The Taliban observes Deobandism, a conservative Islamic orthodoxy that follows the Salafist model, which seeks to emulate the life, and times of the prophet Mohammad. Deobandism originated in India. While less extreme than the Salafi tradition practiced by al-Qaeda, and IS, it nevertheless enforces strict laws that forbids modern clothing, music, (especially western music), and education for girls.
The Islamic State-K (IS-K) is as violent as the one operating in Iraq and Syria. In 2014, Hafiz Saeed Khan, a Pakistani national, and a commander in the Tehrik-e Taliban Pakistan (TTP), pledged allegiance to al-Baghdadi in Syria. With the demise of Baghdadi, and IS’s loss of territory in Iraq and Syria, it has increasingly turned to Afghanistan as a base for its global Caliphate. The IS-K expansion has, however, sparked violent conflict and rivalry between the IS-K and the Afghan Taliban, now apparently in control of Afghanistan.

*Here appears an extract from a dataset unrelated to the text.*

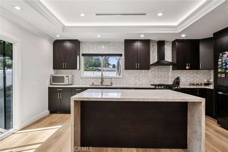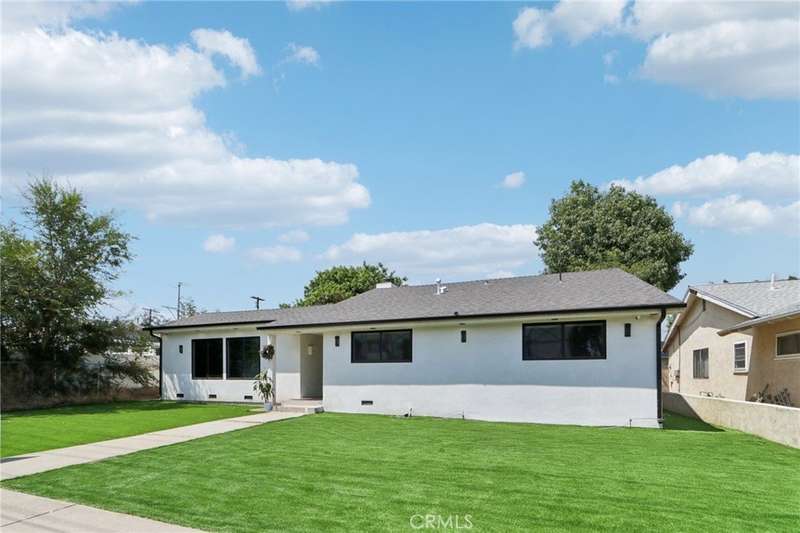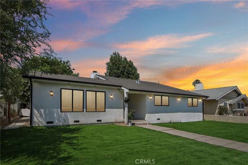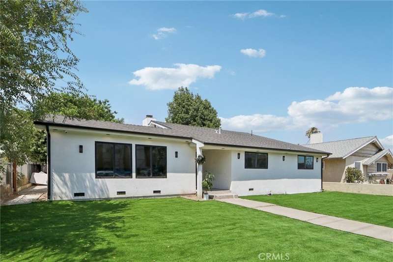 Beautifully remodeled home located in Granada Hills. Seller spent thousands of $$$’s on this Stunner!! Situated on a spacious 7,800 sqft lot, this 1,780 sqft 3 bed, 2-bath home offers impressive curb appeal with a modern black-and-white exterior, a stylish front door, and new artificial grass that stays green year-round. Step inside to find luxurious flooring throughout, a formal dining area with a custom accent wall, sleek fireplace, and designer raised ceilings. The open-concept chef’s kitchen is equipped with stainless steel appliances and a central island that opens seamlessly to the spacious family room with built-in speakers and a modern fireplace—perfect for entertaining. The primary suite includes a beautifully remodeled en-suite bathroom with dual vanity and walk-in shower, while two additional bedrooms share an updated full bath. Outside, enjoy a covered patio with recessed lighting and built-in speakers, a large backyard for gatherings, and a detached garage with alley access—ideal for an ADU (buyer to verify). There’s an extra storage structure for added convenience. Located near shopping centers with easy freeway access, this turnkey home truly has it all. Don’t miss your chance to make it yours!

Sam Harris, a neuroscientist, philosopher, New York Times best-selling author, and host of the Making Sense podcast, pointed out that, “what do groups like ISIS, al-Qaeda and Hamas want? They want to impose their religious views on the rest of humanity. They want to stifle every freedom that decent, educated, secular people care about. This is not a trivial difference. And yet, judging from the level of condemnation that Israel now receives, you would think the difference ran the other way.”
Harris continued:
This kind of confusion puts all of us in danger. This is the great story of our time. For the rest of our lives, and the lives of our children, we are going to be confronted by people who don’t want to live peacefully in a secure, pluralistic world, because they are desperate to get to paradise, and they are willing to destroy the very possibility of human happiness along the way. The truth is, we are all living in Israel. It’s just that some of us haven’t realized it yet.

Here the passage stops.